Classify data using sensitive information types

4 minutes

Protecting sensitive data starts with knowing what exists in your organization's environment. Microsoft Purview provides sensitive information types (SITs) to help detect structured data, such as financial details, personal identifiers, and regulatory terms. By classifying this data accurately, organizations can apply the right protection and compliance measures.

Microsoft Purview classifies data using three methods:

Manually by users: Users apply labels based on their understanding of the data.
Pattern-based classification: SITs recognize predefined patterns, such as credit card numbers or Social Security numbers.
AI-powered classification: Trainable classifiers use AI models to recognize data based on meaning and context rather than predefined patterns.

SITs are a key part of classification, allowing organizations to automatically detect sensitive data and apply policies to prevent data loss, enforce retention rules, and strengthen compliance.

Where are sensitive information types used?

SITs play a role in multiple Microsoft Purview solutions to help organizations manage and protect data:

Data loss prevention (DLP): Identifies and prevents unauthorized sharing of sensitive data.
Sensitivity labels: Supports classification and protection through labeling policies.
Retention labels: Applies governance policies to structured data.
Insider risk management: Helps detect potential security violations based on identified data types.
Communication compliance: Monitors messages for sensitive data or policy violations.
Auto-labeling policies: Applies labels to content automatically based on detected SITs.

Compare built-in and custom sensitive information types

Microsoft Purview provides both built-in and custom SITs to support different classification needs.
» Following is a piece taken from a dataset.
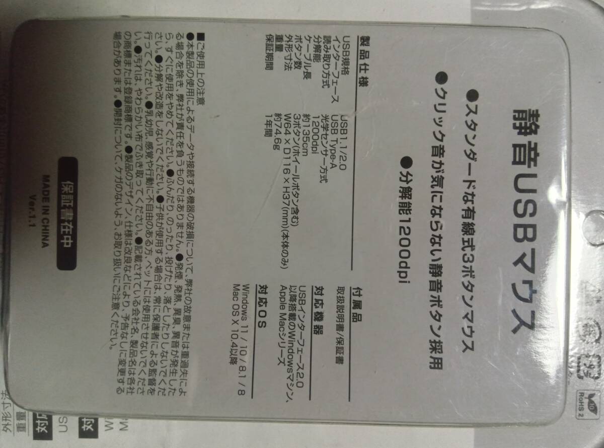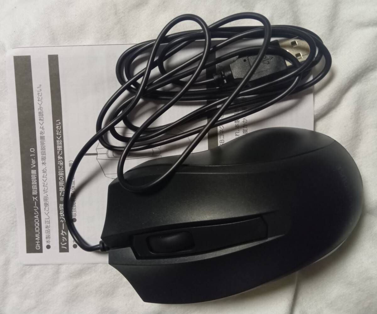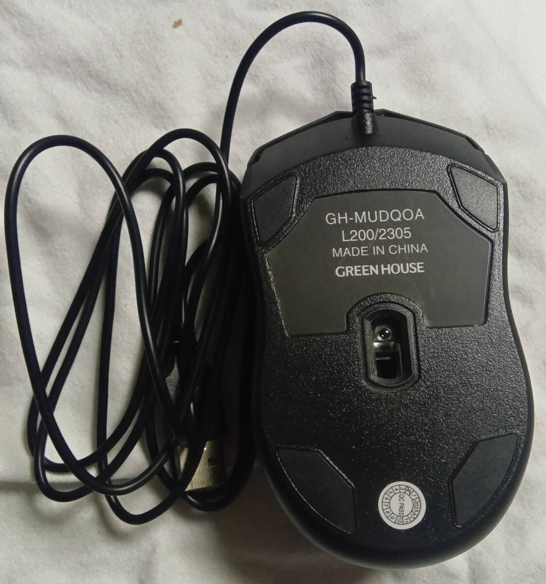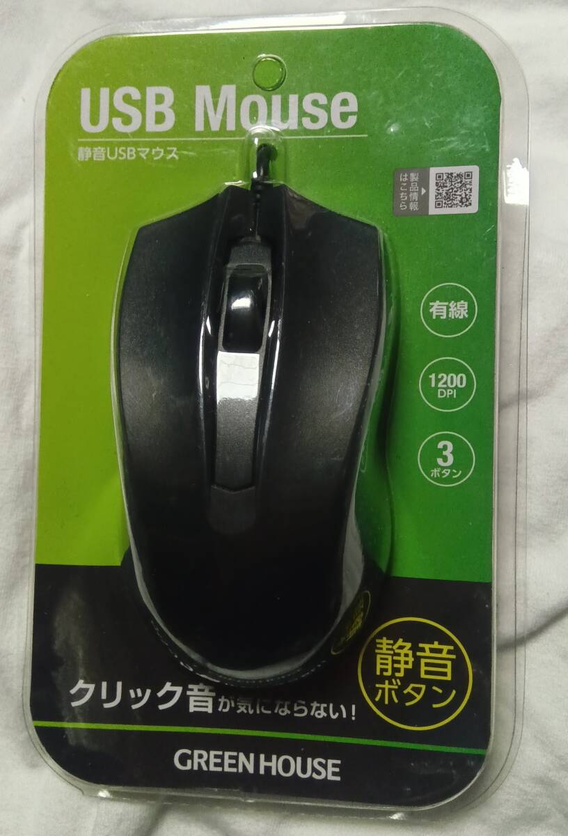 静音USBマウス(3ボタン、1200dpi、GREEN HOUSE)。

Built-in sensitive information types

Built-in SITs detect common types of sensitive data and are ready to use without customization.
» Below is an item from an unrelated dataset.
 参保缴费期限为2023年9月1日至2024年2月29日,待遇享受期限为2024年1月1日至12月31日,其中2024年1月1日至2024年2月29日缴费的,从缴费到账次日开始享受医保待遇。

Standard SITs: Identify commonly recognized sensitive data, such as credit card numbers, bank account details, and government-issued IDs.
Named entity SITs: Detect predefined named entities, such as personal names, addresses, or medical terms.
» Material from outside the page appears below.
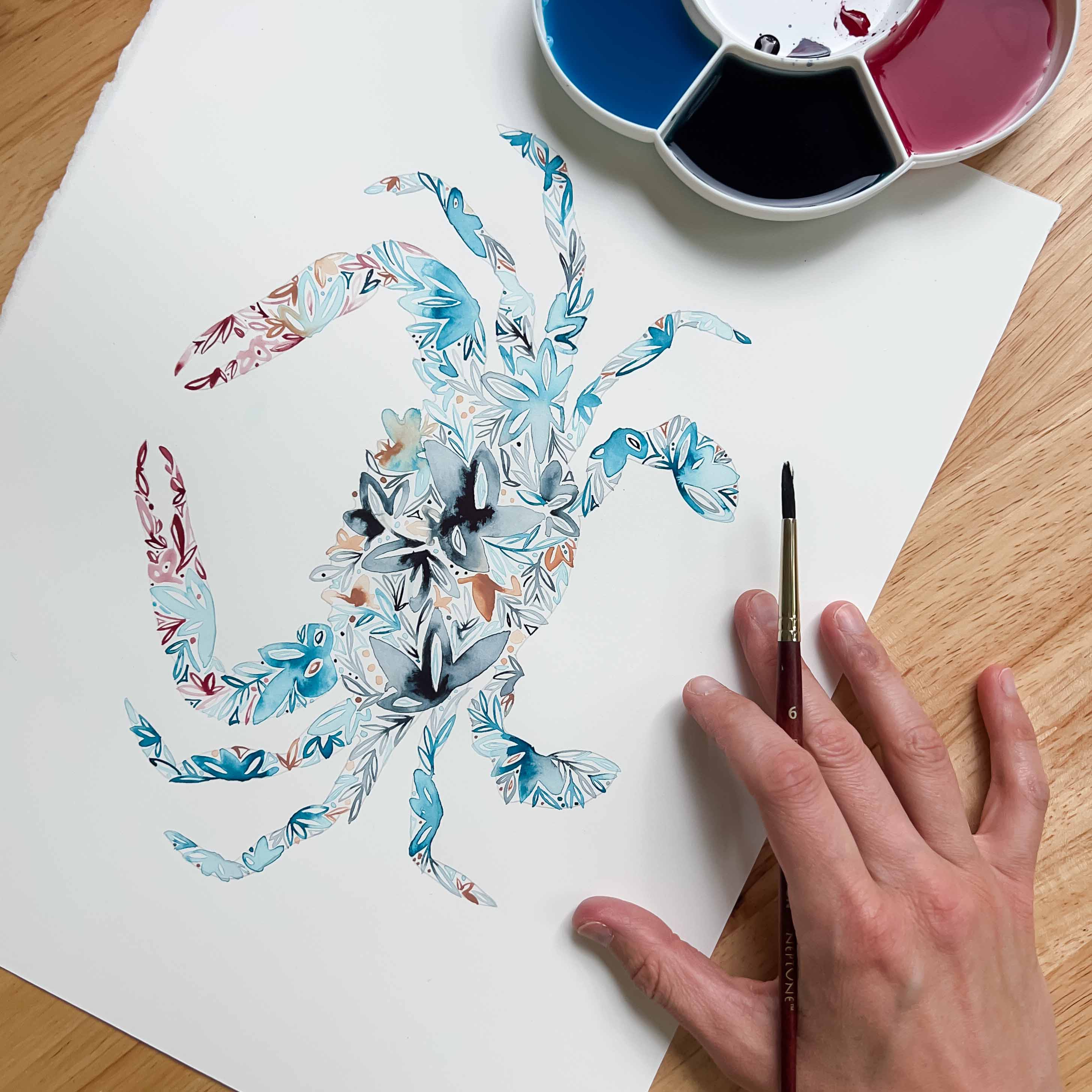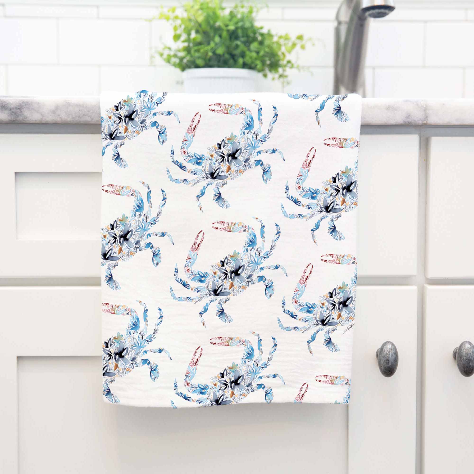 This high quality Blue Crab flour sack tea towel showcases Amanda Klein's whimsical watercolor and splattered design. A uniquely perfect gift for any hostess, bride, teacher, friend or loved one.

Built-in SITs provide broad coverage and help organizations quickly classify regulated and sensitive data without additional configuration.

Custom sensitive information types

Custom SITs allow organizations to create their own classifiers to detect data unique to their environment. Microsoft Purview provides several options:

Keyword-based SITs: Define sensitive data patterns using specific keywords, dictionaries, or regular expressions.
Exact data match (EDM) SITs: Classify data by referencing a structured dataset containing specific values, improving accuracy for structured records.
Document fingerprinting: Creates SITs based on document templates, allowing organizations to detect and classify content that follows a specific form.

Custom SITs provide greater flexibility for organizations with specialized classification requirements that built-in SITs don't cover.

How sensitive information types identify data

SITs detect sensitive information based on predefined patterns and contextual evidence. Each SIT includes detection rules that define what it looks for and how confidently it can classify data. This structured approach ensures accuracy in applying policies across Microsoft Purview solutions. Microsoft Purview also provides a feedback mechanism to refine SIT detection, helping ensure classifications remain accurate over time.